EXERCISE DIRECTIONS — Take the line with "Цветок с аномально" and every line after it, through the end of the listing, and give them again exactly, pictures excluded.
---------- MATERIAL FOR THIS EXERCISE ----------
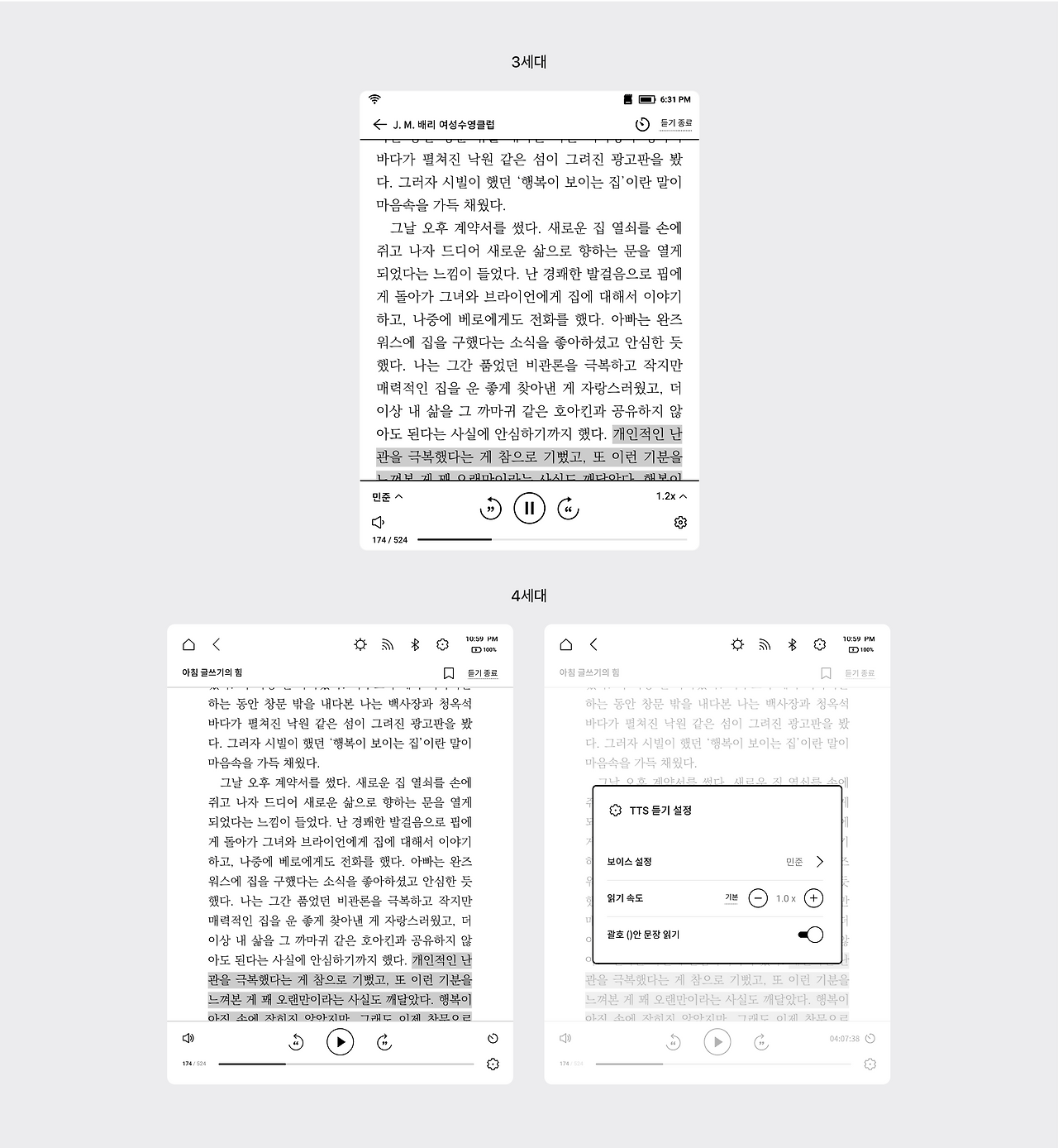 상하로 분산되어 있던 TTS 기능은 아래로 모았다. 타이머를 비롯한 여러 TTS 관련 기능을 한 곳에서 모두 설정할 수 있게 만들고자 했다.
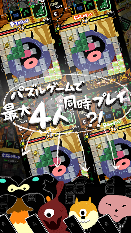◆最大4人同時プレイによる大型モンスター討伐戦もあり、みんなで盛り上がれます。4人同時プレイパズルゲームがどんなものか、是非体験してみてください。友達(一般人)誘って一緒に討伐しよう!
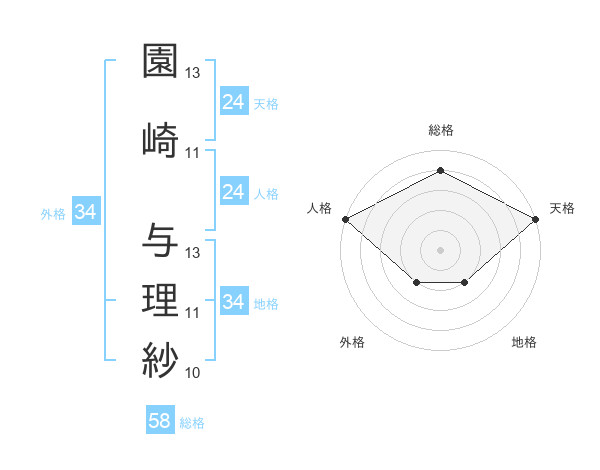 園崎 与理紗さんの総格は58画の4点!
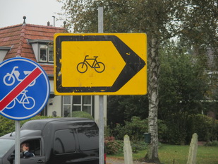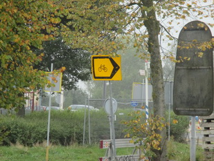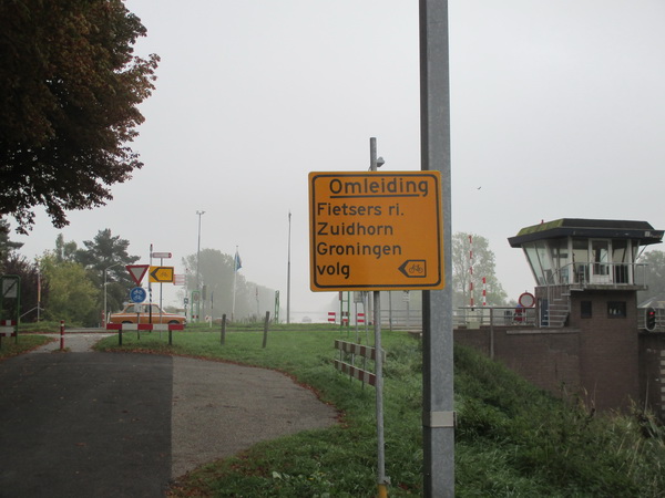 Het zal misschien voor de elektrisch aangedreven fietsen heel logisch zijn, deze omleiding… Je komt aan de noordkant van het kanaal uit de richting Koopman Transport bij de brug, je ziet dat je niet rechtsaf kunt (verleggen en vernieuwen leidingen in verband met de vervanging van de tafelbrug in 2015), je wordt de kant van Noordhorn op gestuurd.
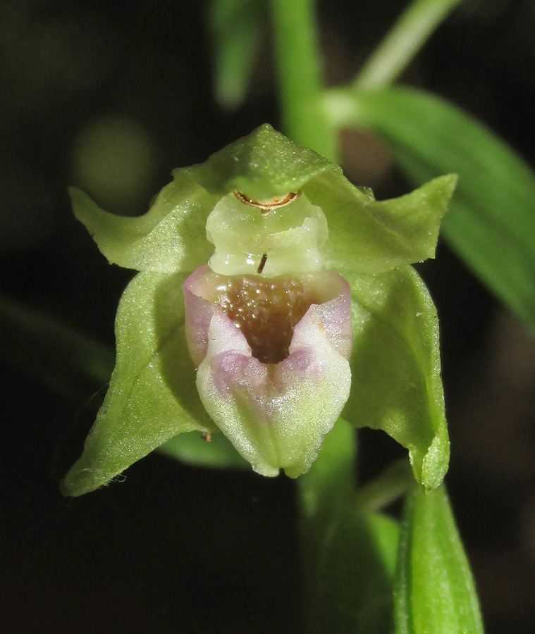 Цветок с аномально вывернутым эпихилием губы. Дагестан, Табасаранский р-н, 1 км к северо-востоку от с. Татиль, буковый лес. 21 июня 2018 г.
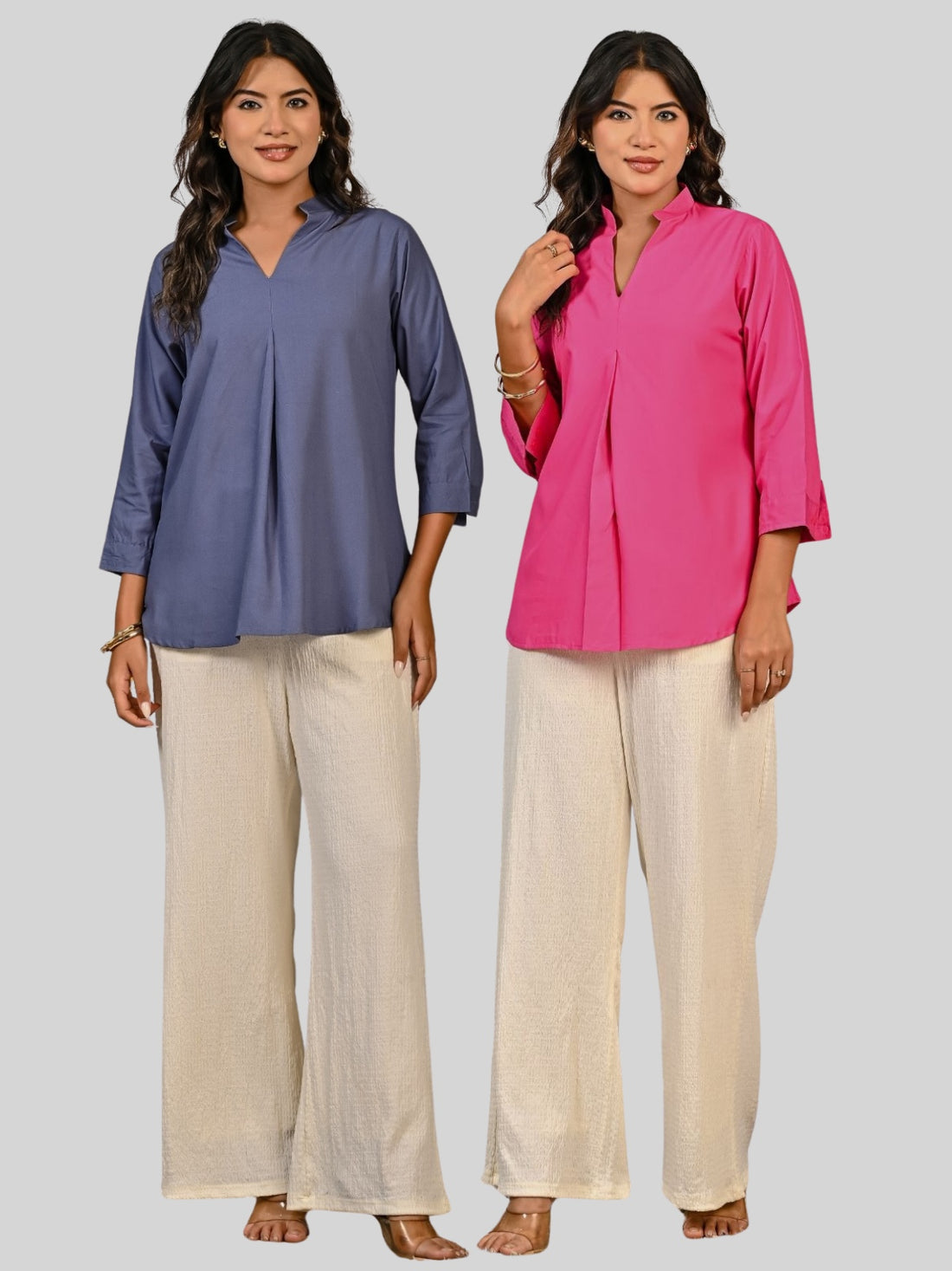 Solid Grey And Pink V Neck Viscose Pleated Tops Combo
----------
EXERCISE RESPONSE —
 Цветок с аномально вывернутым эпихилием губы. Дагестан, Табасаранский р-н, 1 км к северо-востоку от с. Татиль, буковый лес. 21 июня 2018 г.
 Solid Grey And Pink V Neck Viscose Pleated Tops Combo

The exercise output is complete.